→ **Given data**:

____________________

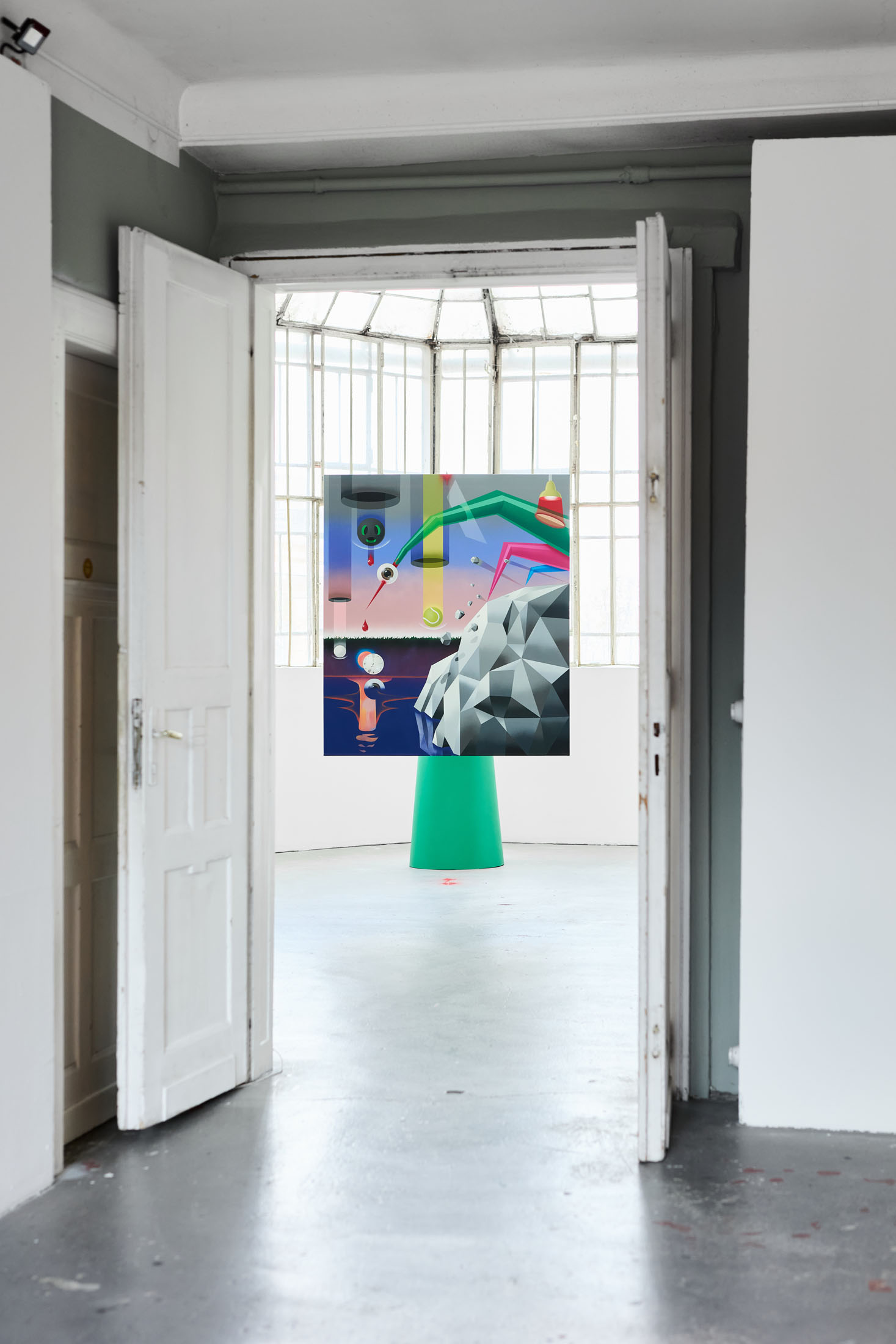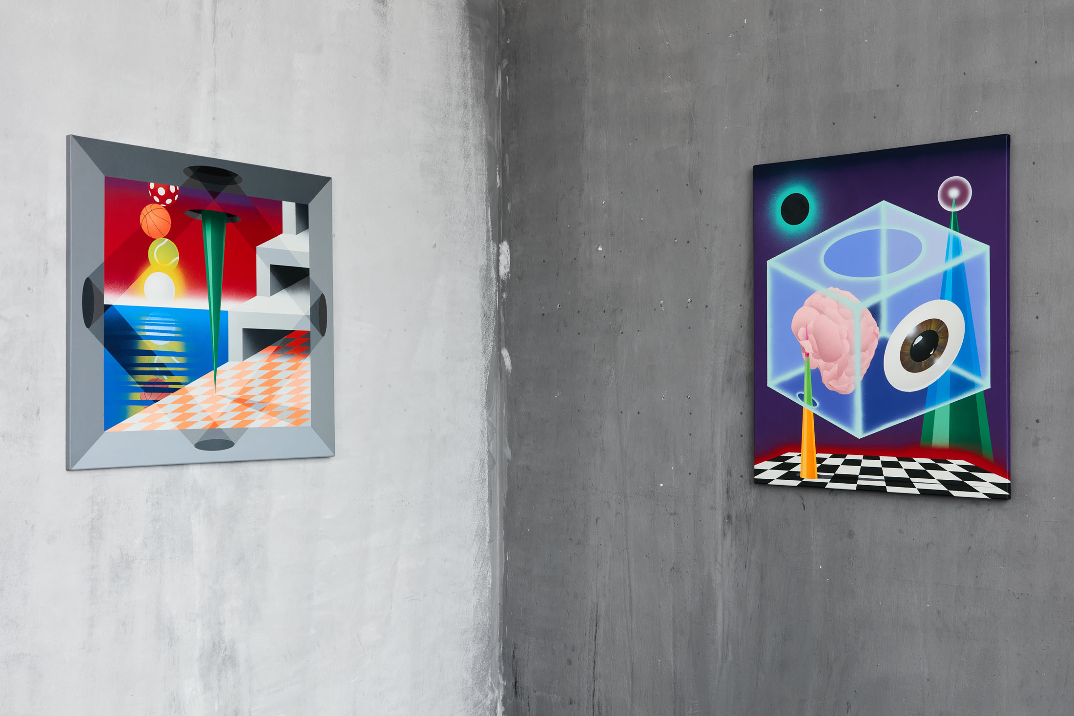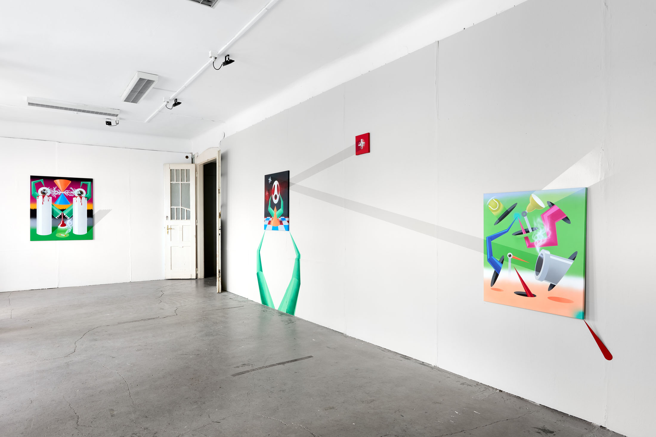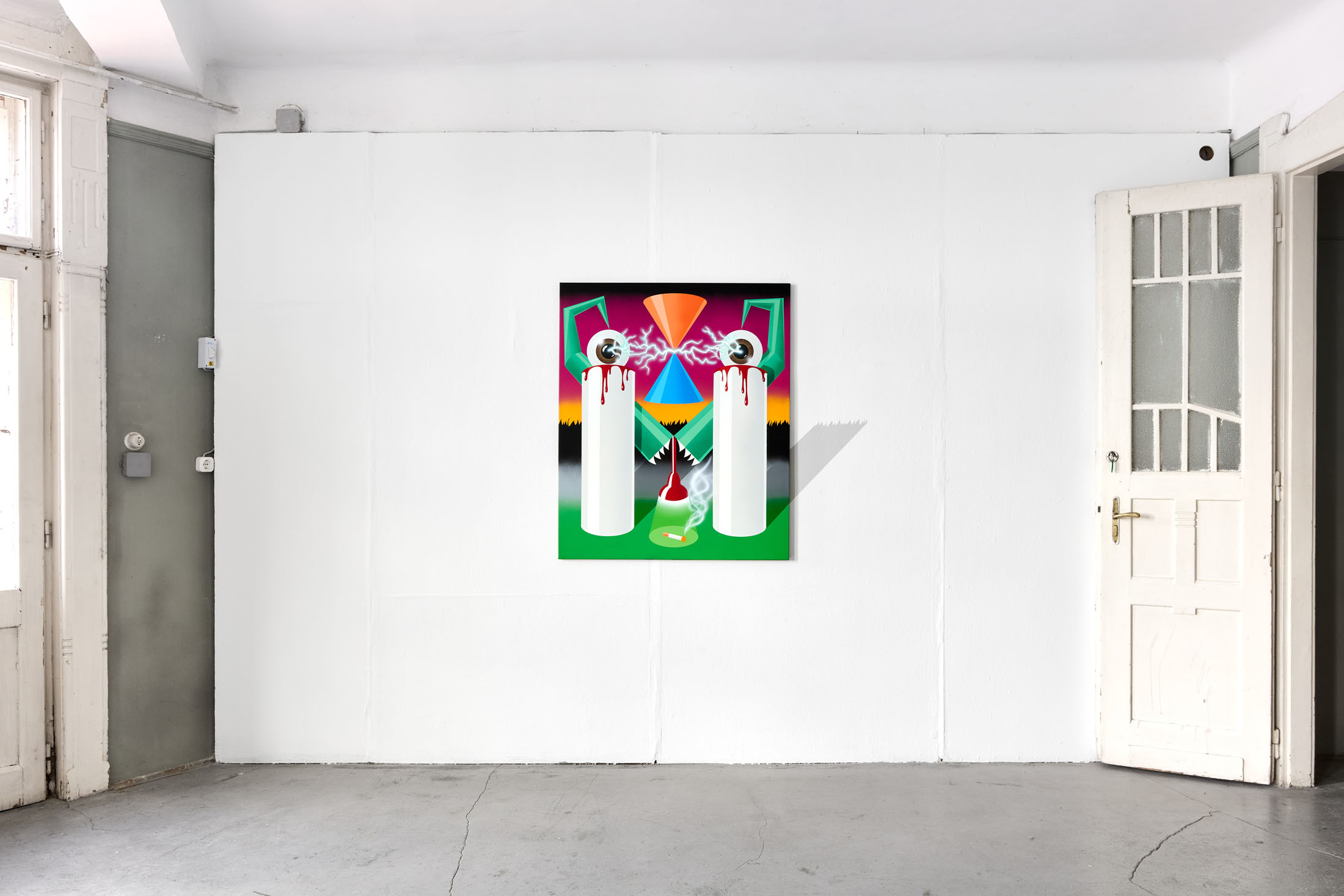 Góth’s paintings achieve this by treating seemingly inanimate objects as living protagonists, and pictorial space as a vibrant theatrical stage. The sharply contoured, hard-edge forms reminiscent of robotic arms can be viewed as allegorical extensions of the tools that produced them – pencil, scalpel, and box cutter. The compositions in his recent work are no longer determined by the grid structures of pixel-based reality, but rather by the visual language of pittura metafisica, particularly Giorgio de Chirico and Carlo Carrà, Dalí’s dreamlike logic, and Munch’s expressive isolation. Yet these coolly refined surfaces remain deeply connected to the absurd realities of our contemporary visual cultures.
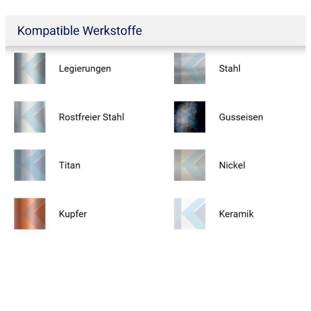 Bis zu extra harten Stählen ca. 70 HRC
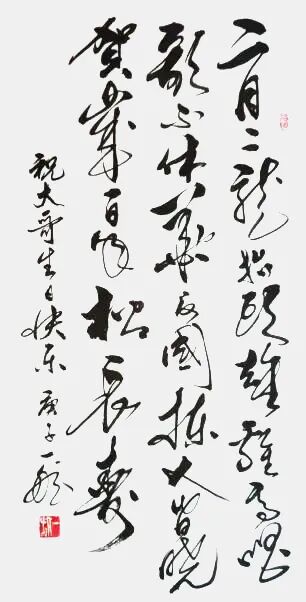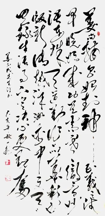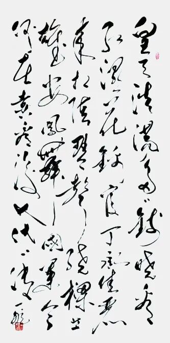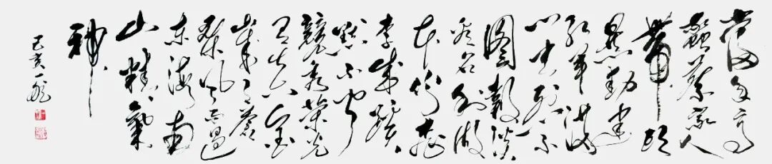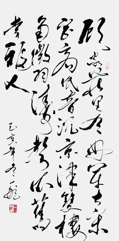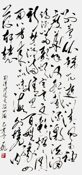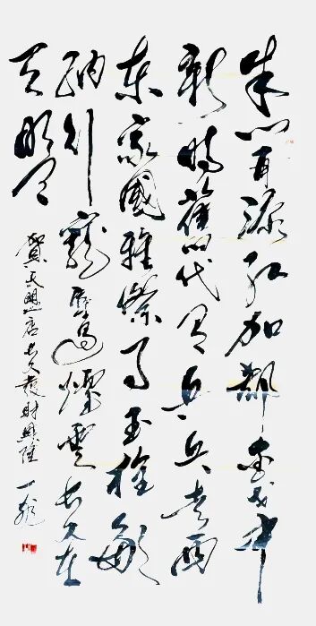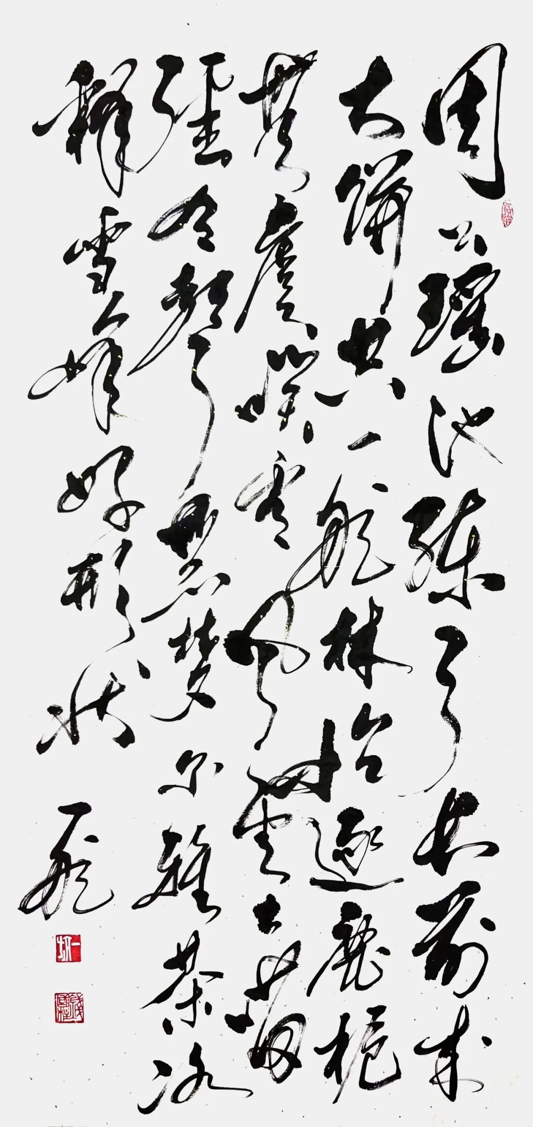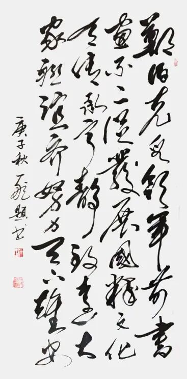 看他的书法,真可谓不羁其形,不作矫饰,惟以性情驱笔,在点画使转间将“自运在服古,临古须有我”的翰墨之道参透至极。笔笔洒脱而无匠俗之弊,字字雅健而无凝滞之势,此正如古人所言书论,即笔落纸上,精神能冲其中,气韵目晕于外也!取法以二王立根基,又能深谙癫张狂素之笔意,推崇米芾之真气,由此集众家之所长而化为己用,自是不在对临,而在于神会,遂令性情奔会腕下,章法透入肝膈!常言学书六要:气质、天资、得法、临摹、用功、识鉴。今看钱国柱先生书功,正是得此六要俱备也!
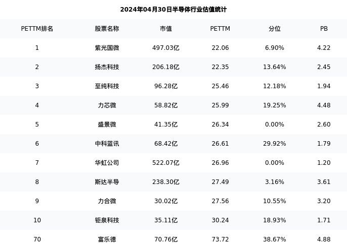 从估值角度看:富乐德最新市盈率PETTM为73.72,在行业内排名70/153,处于38.67分位。

____________________

→ **Work item**: In the listing above, find the line containing "Bis zu extra harten Stählen ca. 70 HRC" and restate it and every later line verbatim, with the pictures left out.

→ **Solution**:
 Bis zu extra harten Stählen ca. 70 HRC
 看他的书法,真可谓不羁其形,不作矫饰,惟以性情驱笔,在点画使转间将“自运在服古,临古须有我”的翰墨之道参透至极。笔笔洒脱而无匠俗之弊,字字雅健而无凝滞之势,此正如古人所言书论,即笔落纸上,精神能冲其中,气韵目晕于外也!取法以二王立根基,又能深谙癫张狂素之笔意,推崇米芾之真气,由此集众家之所长而化为己用,自是不在对临,而在于神会,遂令性情奔会腕下,章法透入肝膈!常言学书六要:气质、天资、得法、临摹、用功、识鉴。今看钱国柱先生书功,正是得此六要俱备也!
 从估值角度看:富乐德最新市盈率PETTM为73.72,在行业内排名70/153,处于38.67分位。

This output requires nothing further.